**TO DO**. Restate the whole of the data below word for word, skipping the images.

+++ SUPPLIED MATERIAL

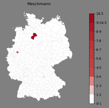 Relative Verteilung des Namens Meschmann (1996)Direkt zur Karte Die Farbskala zeigt die Anzahl von "Meschmann" bezogen auf je 1 Million Einträge. |
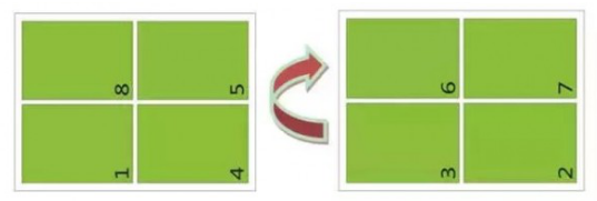 由于正反版兩面都需要進(jìn)行印刷,且需要2付PS版。如8個(gè)頁(yè)面的印刷品,發(fā)排2付四開(kāi)正反版,每個(gè)四開(kāi)上就應該有4個(gè)頁(yè)碼,正反版對應,如下圖所示。正反版印刷適用于一些小的宣傳頁(yè)、名片等。
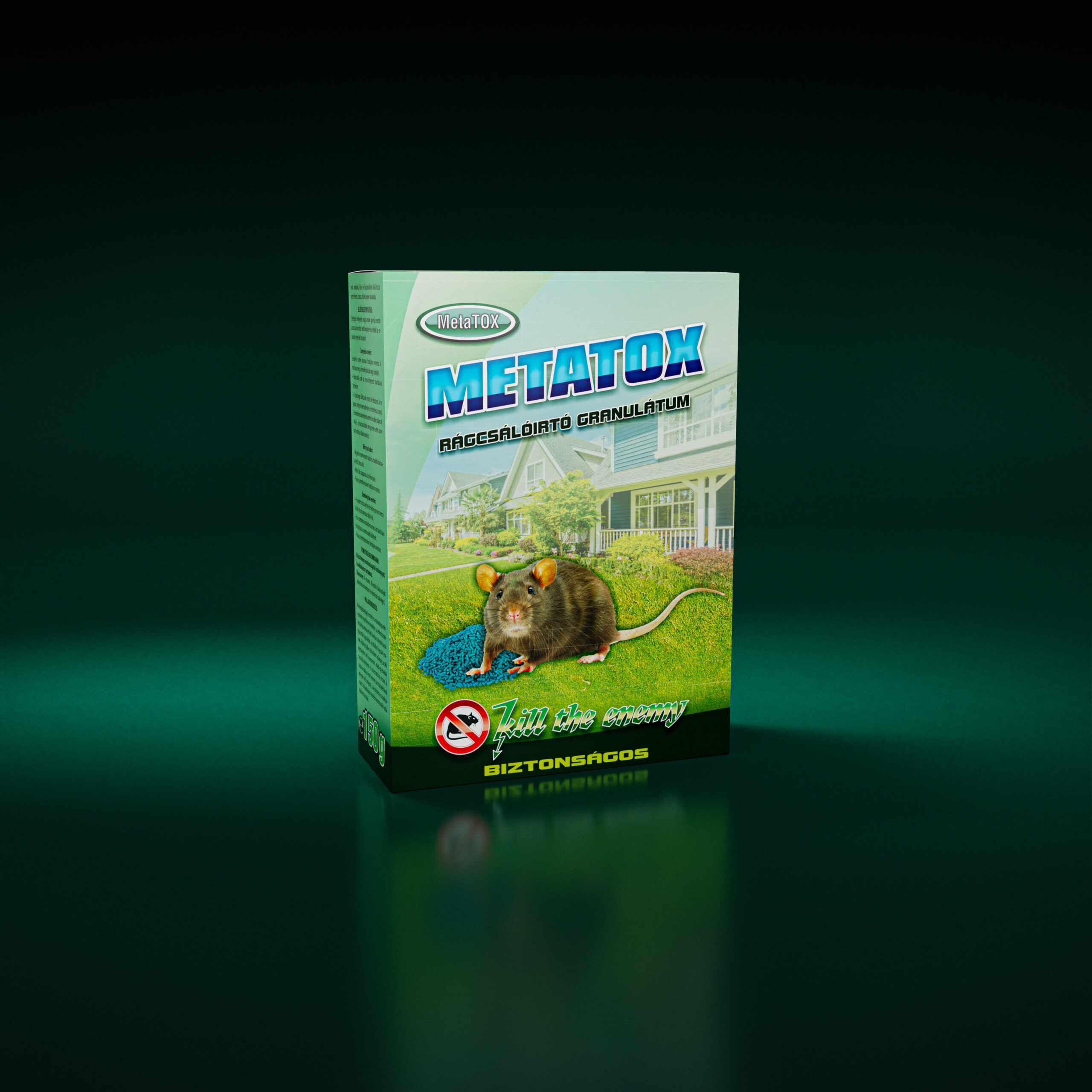 METATOX rágcsálóirtó granulátum, hatóanyaga: 0.0025% brodifacoum.”

++++++

**RESULT OF THE EXERCISE**.
 Relative Verteilung des Namens Meschmann (1996)Direkt zur Karte Die Farbskala zeigt die Anzahl von "Meschmann" bezogen auf je 1 Million Einträge. |
 由于正反版兩面都需要進(jìn)行印刷,且需要2付PS版。如8個(gè)頁(yè)面的印刷品,發(fā)排2付四開(kāi)正反版,每個(gè)四開(kāi)上就應該有4個(gè)頁(yè)碼,正反版對應,如下圖所示。正反版印刷適用于一些小的宣傳頁(yè)、名片等。
 METATOX rágcsálóirtó granulátum, hatóanyaga: 0.0025% brodifacoum.”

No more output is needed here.